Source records
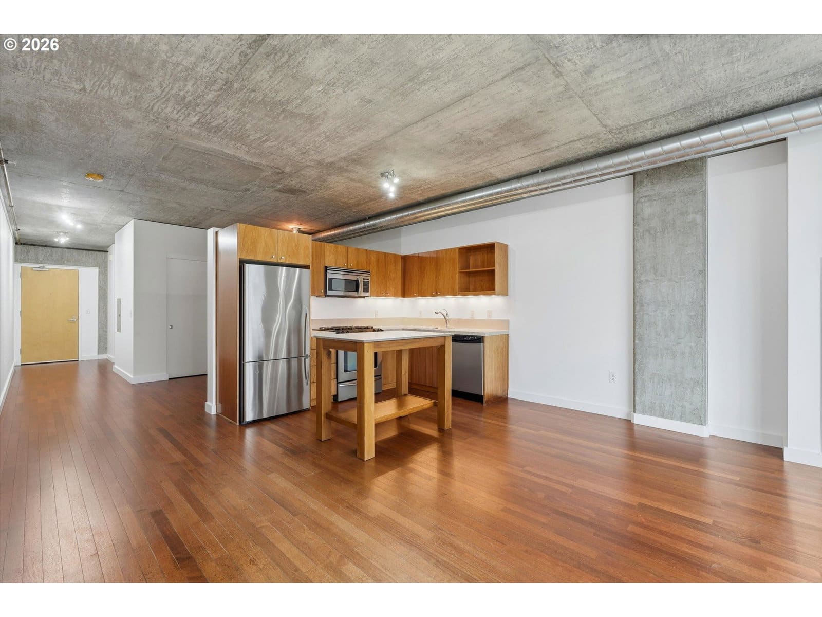 Enjoy west-facing city, sunset, and stadium views at this modern 14th-floor loft condo next to Providence Park, home of the Timbers & Thorns. Move in ready with fresh paint and new LED lighting. This home features hardwood floors, stainless steel appliances and an in-unit washer & dryer, and don't forget the storage unit in the secure garage. All appliances are included for your convenience. Save with low HOA fees that cover the cost of water, sewer, gas, trash, security, and concierge services. You only pay for electric and internet. With a stellar 99 walk score, you can easily stroll to Downtown, The Pearl, NW 21st/23rd Ave, Washington Park, the International Rose Test Garden, and Japanese Garden. Just one block from Max/Bus lines so it’s easy to get around town. You’ll love the energy efficiency of this LEED Gold Certified building.
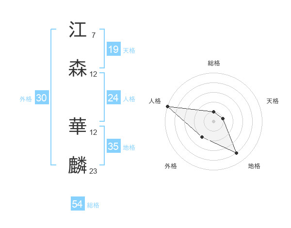江森 華麟さんの総格は54画の1点!
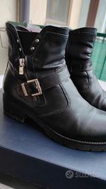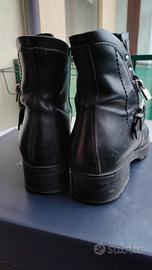 Vendo bellissimi stivaletti NeroGiardini, numero 39, un'autentica garanzia di qualità e stile Made in Italy. Realizzati in pregiata pelle nera spazzolata, questi boots presentano un design grintoso e moderno, caratterizzato da cinturini con fibbia metallica, inserti elastici laterali e una pratica chiusura con zip interna. La suola carrarmato in gomma offre un grip eccellente e un comfort duraturo, rendendoli ideali per affrontare la stagione fredda e le giornate di pioggia con eleganza.
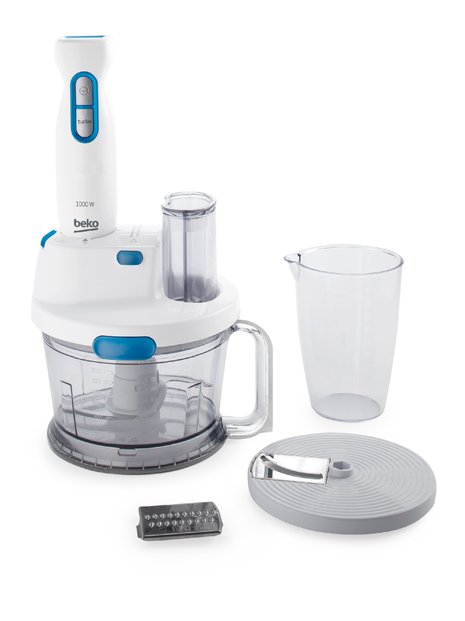Универсальный ручной блендер Beko HBG5100W с комплектом чаш. Мощный мотор 1000 Вт позволяет легко и быстро измельчить пищу. Скоростной режим справится с измельчением орехов, овощей, трав, кубиков льда и других продуктов, сохранив их вкус и витамины. Турборежим. В мерную чашу объемом 1,5 л поместится все необходимое количество ингредиентов. В комплекте мерная чаша, венчик из нержавеющей стали, блендер, терка. Удобное управление нажатием одной кнопки. Идеально подходит для супов, соусов, теста. Блендеры Beko помогут быстро приготовить вкусные блюда каждый день!
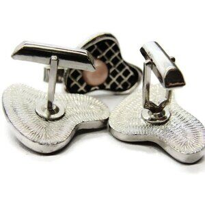 Step up your formal game with this Pink, Black & Silver-Tone Cufflinks & Clasp Checkered Set. Unbranded and vintage, these bullet back cufflinks are perfect for any tux shirt or suit. Material and color are unknown, giving them a unique gold look.
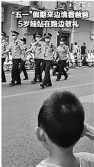 近日,云南河口出入境边防检查站民警普春华和同事列队前往岗位,5岁的儿子米乐在“五一”假期前来看望。米乐站在路边向坚守岗位的爸爸敬礼,爸爸也向儿子回礼。网友:警察叔叔辛苦了,这对父子的敬礼太暖了!
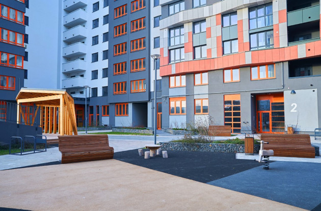 Во дворе ЖК «Альпы» выполнено благоустройство по дизайн-проекту – оборудованы безопасные детские площадки с игровыми комплексами и пешеходный мост с устроенными пространствами для отдыха. Газоны двора оформлены габиоными, передающими атмосферу альпийских предгорий.
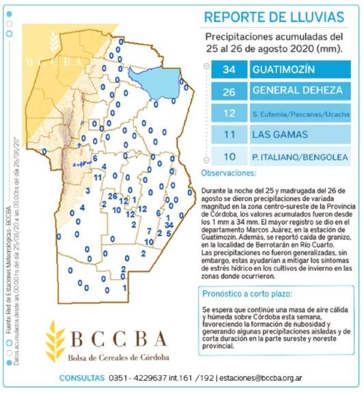 Las ultimas precipitaciones registradas fueron los días 25 y 26 de agosto, hacia el centro y sudeste de la provincia que fueron desde 1 mm hasta 34 mm en la localidad Guatimozín. Si bien las mismas ayudan a mitigar los síntomas de estrés hídrico de los cultivos, son necesarios nuevos registros en toda la provincia para la definición de rendimientos y para evitar pérdidas.
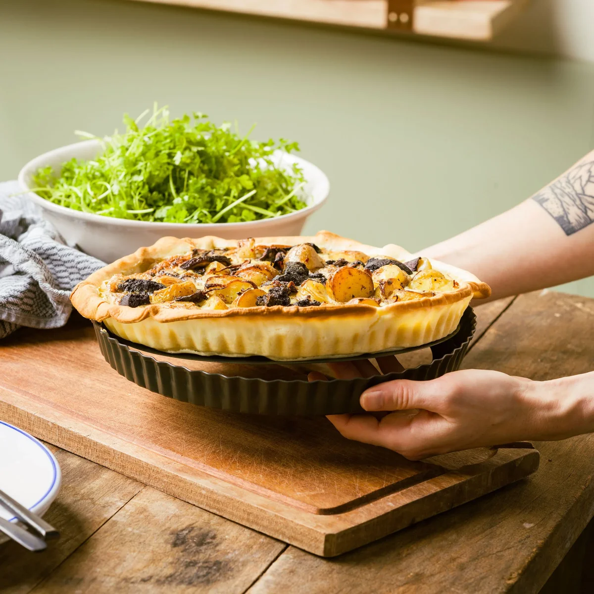 Met de bakvormen van Dagelijkse kost wordt bakken nóg plezanter! Ze zijn gemaakt van kwalitatief gealuminiseerd plaatstaal. Daardoor zijn ze extra stevig en warmen ze gelijkmatig op. Zo ben je zeker van perfecte bakresultaten. Dankzij de PFAS-vrije antikleeflaag aan de binnenkant blijft je baksel niet plakken en behoudt het zijn vorm. Nog een voordeel: schoonmaken is kinderspel! En ook het stijlvolle olijfgroene design mag er zijn. Mooi, duurzaam en makkelijk!
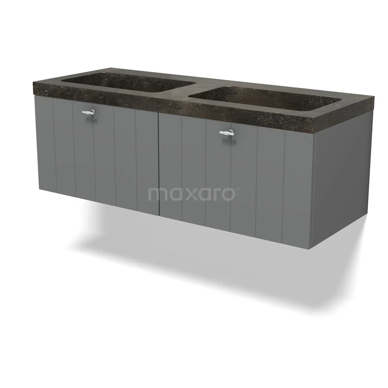 Modulo Waschtische | 120 cm Mittelgrau Lamelle front Naturstein 2 nebeneinanderliegende Schubladen
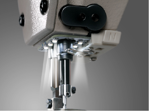 進(jìn)一步升級(jí)的LED燈,環(huán)繞在針桿與壓腳桿周圍,在保留了原有高性能的基礎(chǔ)上,照明角度更合理,范圍更大。
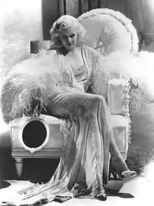 The artwork for Bedtime Stories was shot by French fashion photographer Patrick Demarchelier, at the Eden Roc Miami Beach Hotel in the United States in August 1994.[32] She also worked with hairstylist Sam McKnight for the pictures, which were directed by Fabien Baron.[33] McKnight recalled that it was a "low-key" photoshoot featuring less than 50 people, and was conducted on Madonna's birthday, hence it was wrapped up fast since the singer had to go for her party.[34] The cover was released online, and depicted the singer upside down, looking upward with heavy make-up, a nose ring, blond hair, and simple pastel colored fonts.[35] Inspired by actress Jean Harlow, the singer sported over-plucked eyebrows for the photos which were designed by makeup artist Francois Nars.[36]
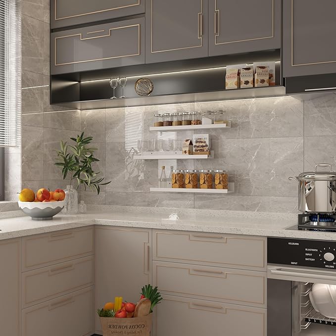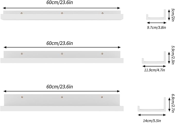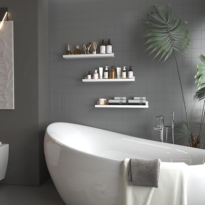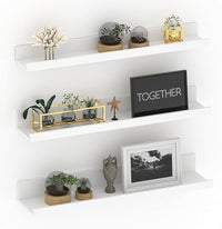 Giftgarden 24 Inch White Floating Shelves for Wall Mount, Modern Wood Wall Shelf Ledge for Bathroom Bedroom Living Room Kitchen Nursery Storage, Set of 3 Different Sizes
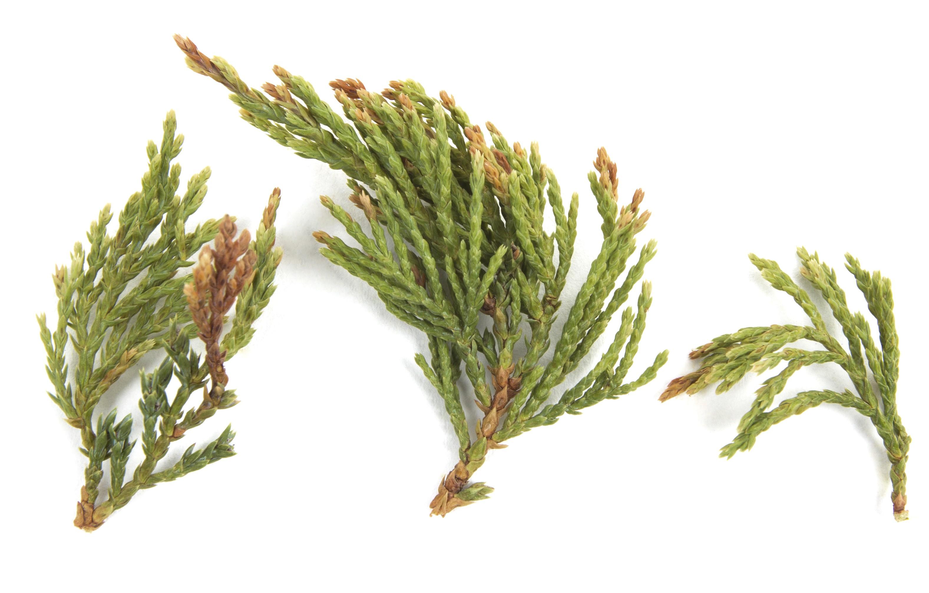Description: Les pousses terminales d’un genévrier montrent des brûlures à l’apex. Toutes les tiges et feuilles terminales de l’arbre montrent une brûlure (ou dessèchement) de dimension variable et un dépérissement notable. Quelques feuilles terminales montrent des zones sèches et brunies (non visible sur l’image). Ces symptômes sont apparus graduellement. Un dosage chimique a permis de déceler la présence de glyphosate ainsi que de son métabolite de dégradation, l’AMPA (acide aminométhylphosphonique), en concentration suffisante pour provoquer les symptômes observés. Le glyphosate est un herbicide de contact et systémique qui s’accumule dans les méristèmes apicaux des végétaux; les dommages observés sont typiques d’une phytotoxicité causée par ce produit. Une pulvérisation, effectuée par erreur et à proximité du tronc, serait à l’origine des dommages observés.
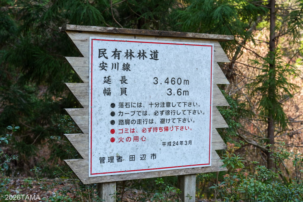 林道安川大塔川線は川湯温泉街の中を通る県道241号(田辺市本宮町静川)と、そこから西へ向かって峠を超えた先の県道219号(田辺市下川上)との間に挟まれた未舗装の林道です。峠の東西で大塔川及び安川の2つの川のほとりを通ることからこの名前が付けられています。道自体が途中で行き止まりになっているわけではないため、東西どちらから向かえばもう片方に完抜けすることが可能。迷う心配も特にありません。
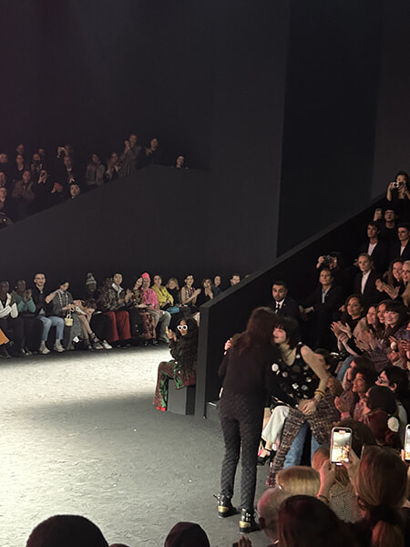 モデルたちのウォーキングの間ずっと小松菜奈さんが映し出されていたカメリアのオブジェ。その白い花がピンクから赤、オレンジと艶やかに染められてショーはフィナーレを迎えます。「赤、それは命の色、血の色」というガブリエル・シャネルの言葉を思い出しますね。ハイライトはランウェイを歩いてきたヴィアールがフロントローに座るイネスと小松菜奈さんの元に歩み寄り、ハグをしたこと。長年ショーを取材してきましたが、こんな光景は滅多にない! それだけあのフィルムが彼女にとってもエモーショナルなものだったのでしょう。なんだかこちらまで誇らしい気分に。ショー後もたくさんの称賛の声をかけられていた菜奈さん、彼女だけでなくその隣の菅田さんも本当に幸せそうでした。
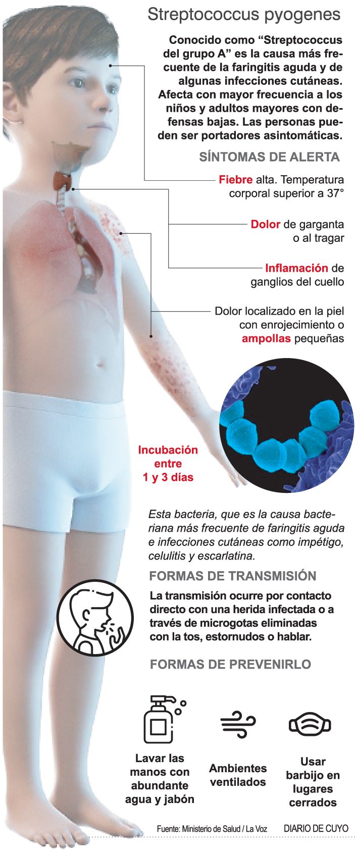Mónica Jofré, jefa de Epidemiología de Salud Pública, explicó que el ser humano es portador de estreptococos del grupo A que son bacterias que suelen estar presentes en la garganta y en la piel y que, normalmente, provocan enfermedades leves como angina y faringitis. Pero también otras más graves que pueden causar la muerte. Agregó que esto ocurre cuando la bacteria ingresa al organismo e invade distintas partes como la sangre y los músculos. "La persona es el reservorio de esta bacteria y puede portarla de manera asintomática. La gravedad se da cuando genera una enfermedad invasiva como la meningitis, neumonía, celulitis o un shock séptico que es una infección generalizada en todo el cuerpo. Lo importante es que esta bacteria se puede eliminar y salvarle la vida al paciente", sostuvo Jofré.
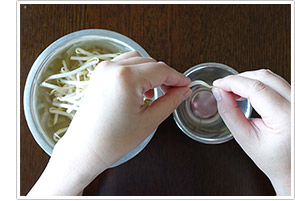 1. もやしはさっと水洗いし、根をつむ。
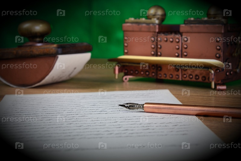 Бумага, чернильница и пресс-папье на столе. Низкая глубина резкости
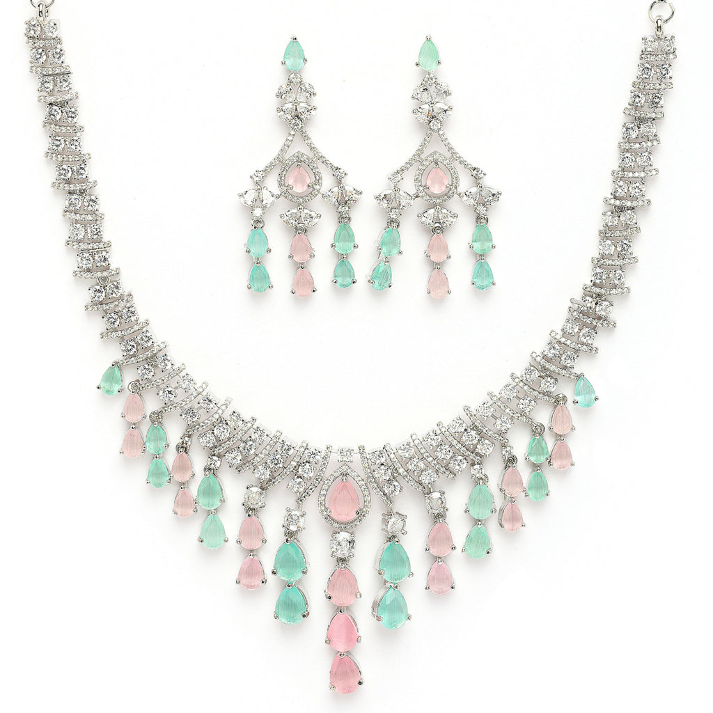 Elegant Design: This rhodium-plated necklace set boasts a sophisticated contemporary design, exuding timeless elegance.
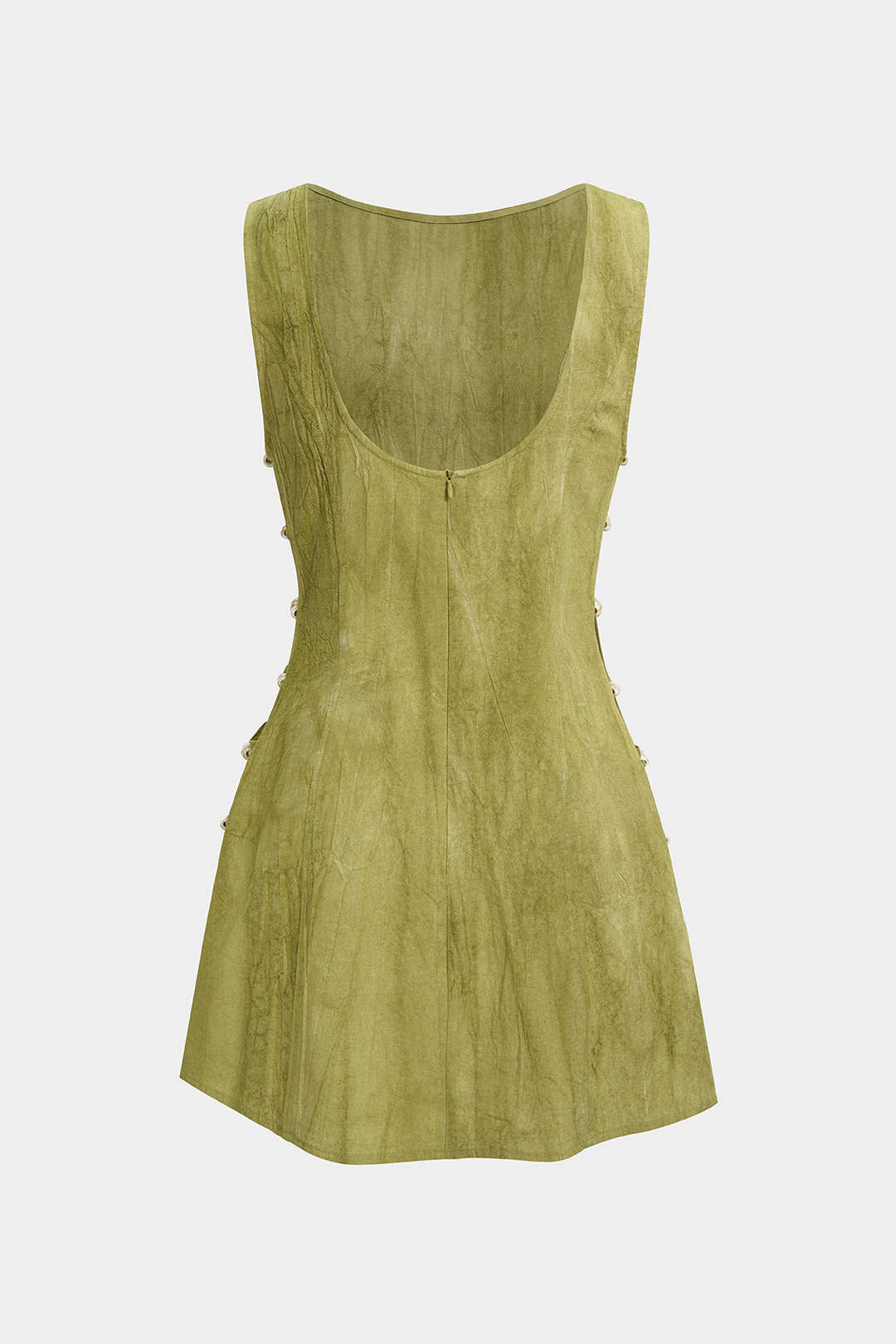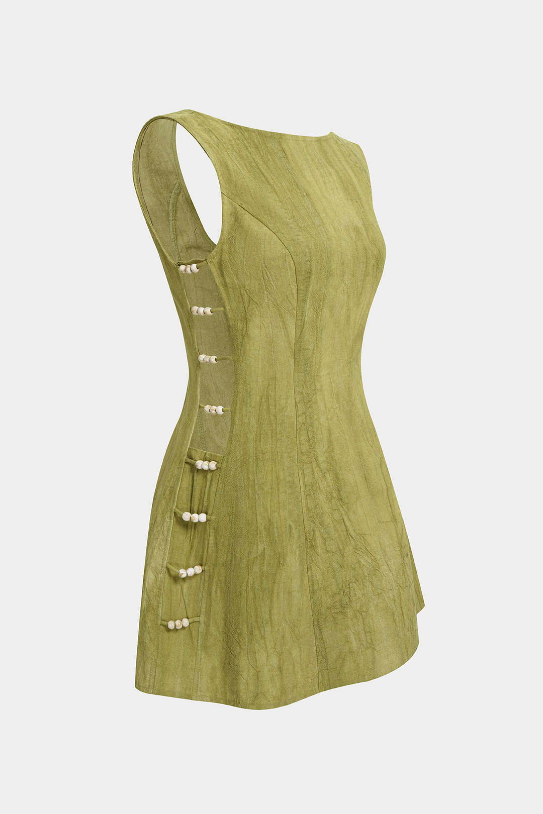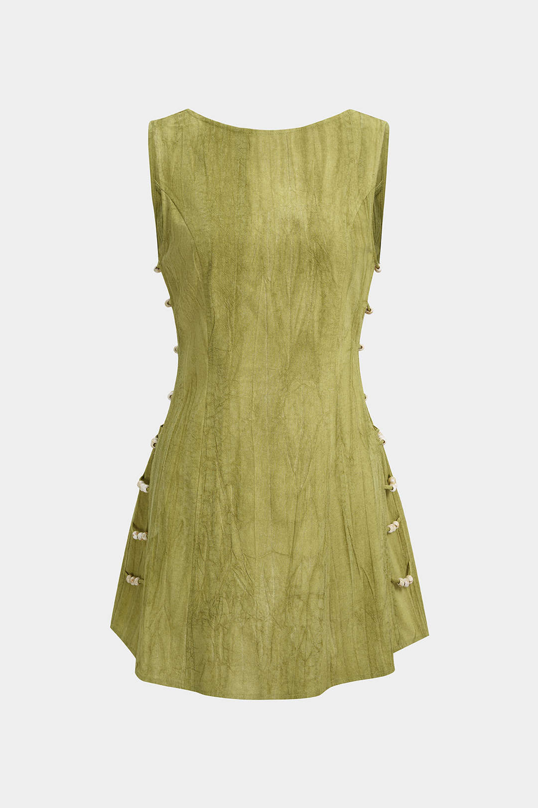 Linen Beaded Backless Cut Out Sleeveless Mini Dress

**Requirement**
Each line from the one that contains "The artwork for" down to the one that contains "Giftgarden 24 Inch" is to be returned exactly as it stands above, both ends included, with pictures removed.

**Answer for the task**
 The artwork for Bedtime Stories was shot by French fashion photographer Patrick Demarchelier, at the Eden Roc Miami Beach Hotel in the United States in August 1994.[32] She also worked with hairstylist Sam McKnight for the pictures, which were directed by Fabien Baron.[33] McKnight recalled that it was a "low-key" photoshoot featuring less than 50 people, and was conducted on Madonna's birthday, hence it was wrapped up fast since the singer had to go for her party.[34] The cover was released online, and depicted the singer upside down, looking upward with heavy make-up, a nose ring, blond hair, and simple pastel colored fonts.[35] Inspired by actress Jean Harlow, the singer sported over-plucked eyebrows for the photos which were designed by makeup artist Francois Nars.[36]
 Giftgarden 24 Inch White Floating Shelves for Wall Mount, Modern Wood Wall Shelf Ledge for Bathroom Bedroom Living Room Kitchen Nursery Storage, Set of 3 Different Sizes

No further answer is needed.